The experience was an amazing one, said Kristine, who works at Tomra, the Norwegian company specialised in recycling and sensor-based sorting systems, offering a unique opportunity to connect with the ocean. “When we sailed across the North Pacific the closest people to us were the International Space Station…so it’s like going to the moon in many ways as well,” she said.
The voyage was organized by eXXpedition, a not-for-profit organisation founded in 2014 that runs pioneering all-female sailing research expeditions all over the world to investigate ocean plastic pollution. There are 14 women on each voyage, forming a multidisciplinary collaborative crew that aims to gain a better understanding of the plastics issue as a whole by conducting research to address knowledge gaps in pursuit of effective solutions to the plastics crisis.

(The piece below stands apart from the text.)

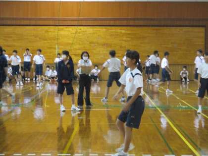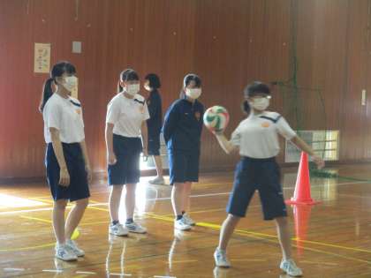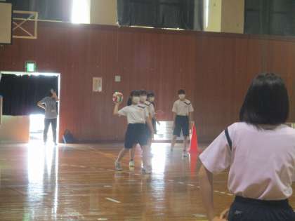 男子とは違い、おしとやかに、仲間に当たらないように配慮しながらボールを投げる女子の姿が・・・。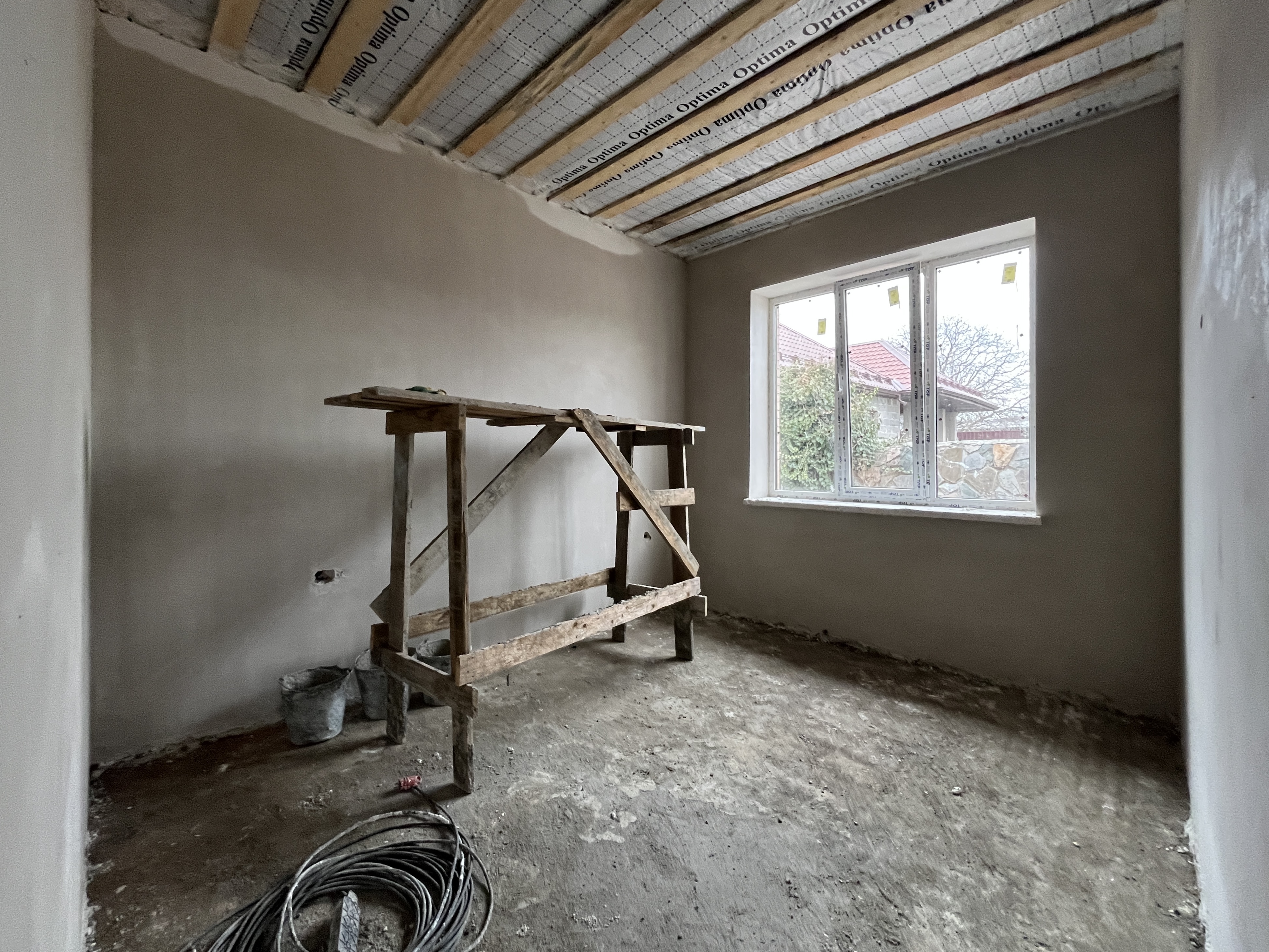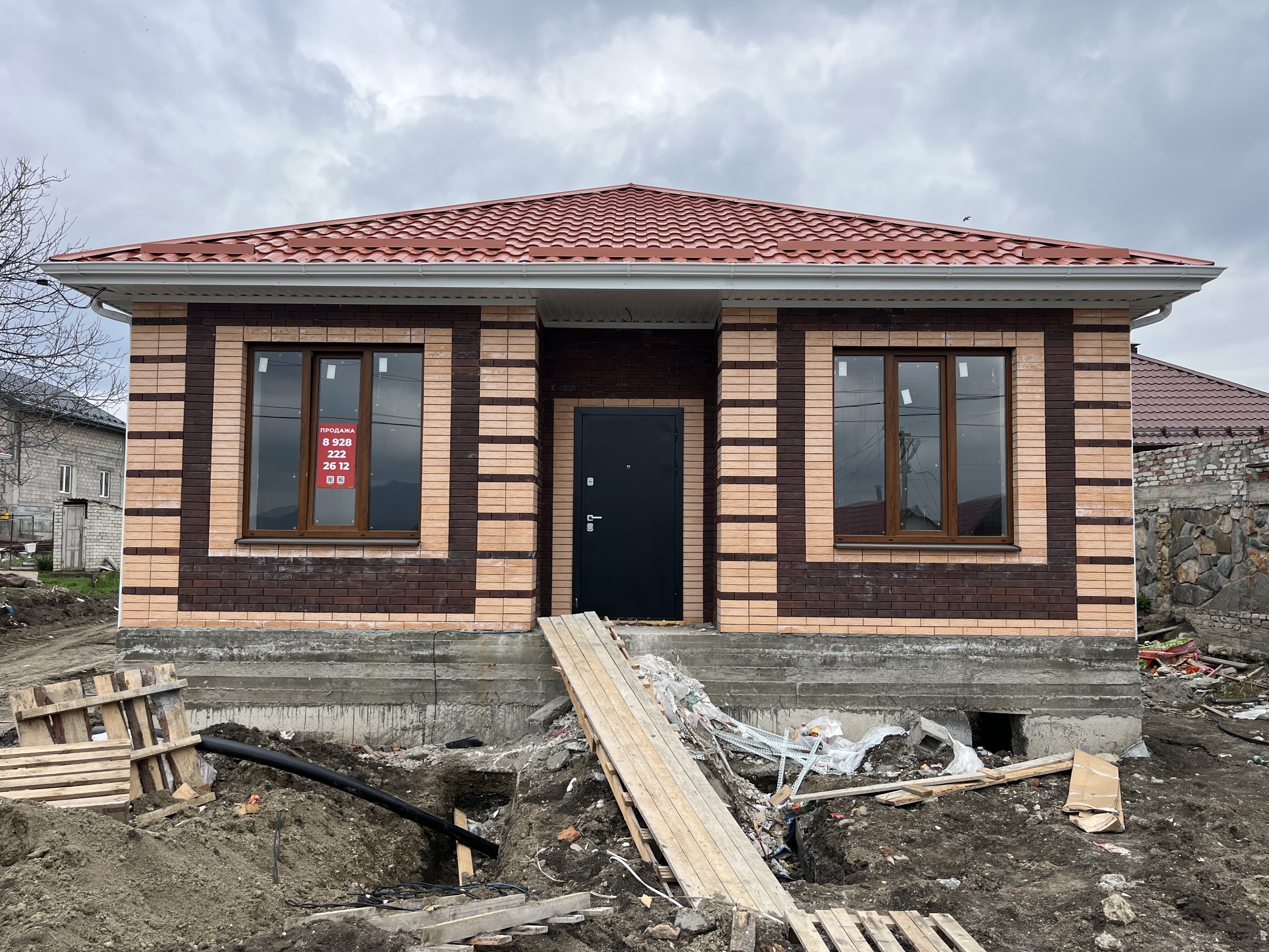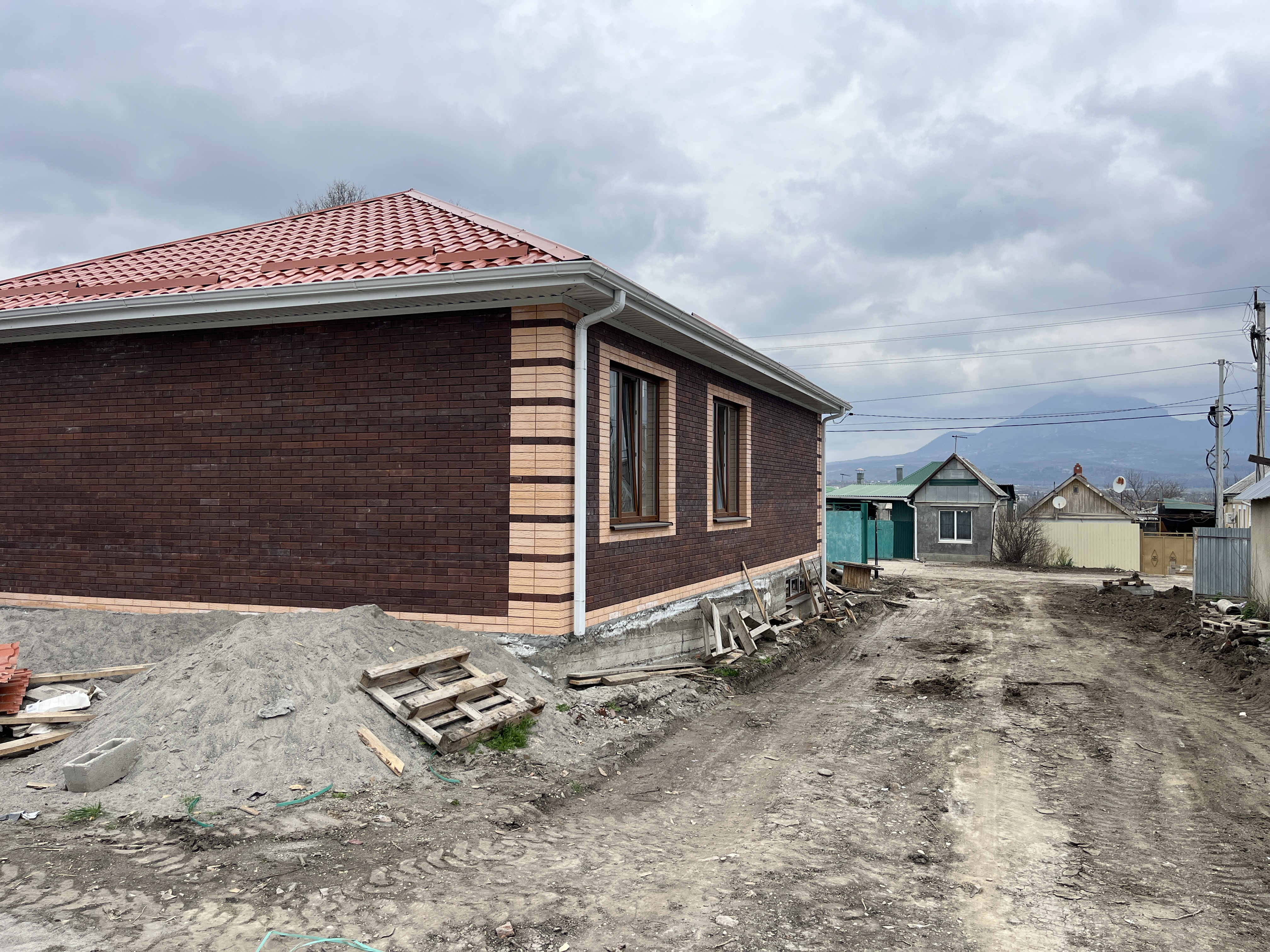 В стоимость дома входит предчистовая отделка, отопление, радиаторы, котел, стяжка внутри дома. Забор по периметру участка и ворота.

It was an exciting moment for Tomra, too, when Kristine told her employer that she had been accepted to join the eXXpedition voyage. The company has traditionally been technology-driven and industry-focused, but for the past few years has transitioned into taking on a bigger role also in educating and engaging consumers on how to be part of the solving plastic pollution. Tomra produces land-based solutions to ocean plastics, such as reverse vending machines, and involving consumers on the positive impacts of returning their containers important for the success of deposit return systems. The company was looking for ways to promote consumer awareness of the need for recycling and to encourage people to return their plastic bottles and containers, so they do not end up washing into waterways and into the ocean.
This voyage provided exactly what the company was looking for: a chance to dive into the problem of ocean plastic to discover what is out there and where is it coming from.
Kristine: “And it just grew into this wonderful partnership - Tomra came aboard as a sponsor, personally for my own participation and then of the overall voyage. It worked so well for both TOMRA and eXXpedition because we as a company could get more into the science and get more into that awareness building, and eXXpedition had an industry partner with one of the best preventative solutions out there on land: so it was a really good match.”
With her background in industrial ecology, Kristine is an ambassador for Tomra and for the circular economy. Industrial ecology, she explains, is the science of the circular economy and a field of study developed in response to industry needs for understanding benefits and key enablers of circular economy in genera “In everything we do we should emulate nature, because we can’t really afford to have processes that produce a lot of waste that is just going to stay around and not have a value and use on the planet,” she said.
Raising awareness
And having been out there, having seen the damage caused by ocean plastic, damage that has already happened and that is difficult to manage, she understands the importance of building awareness. The circular economy is one of the key solutions to ocean plastic, she emphasised. “Ocean plastic is almost the last frontier: it is where plastic ends up when we don’t treat it as material that has value. For Tomra, it was important to us to be part of that,” she said. It is what Tomra is striving for through the machines it builds and its technology, but the company is equally engaged in what Kristine calls ‘connecting the dots’ for recyclers. “To encourage and reinforce that positive behaviour and those habits that we know have an effect on bringing plastic material back into the closed loop,” she said.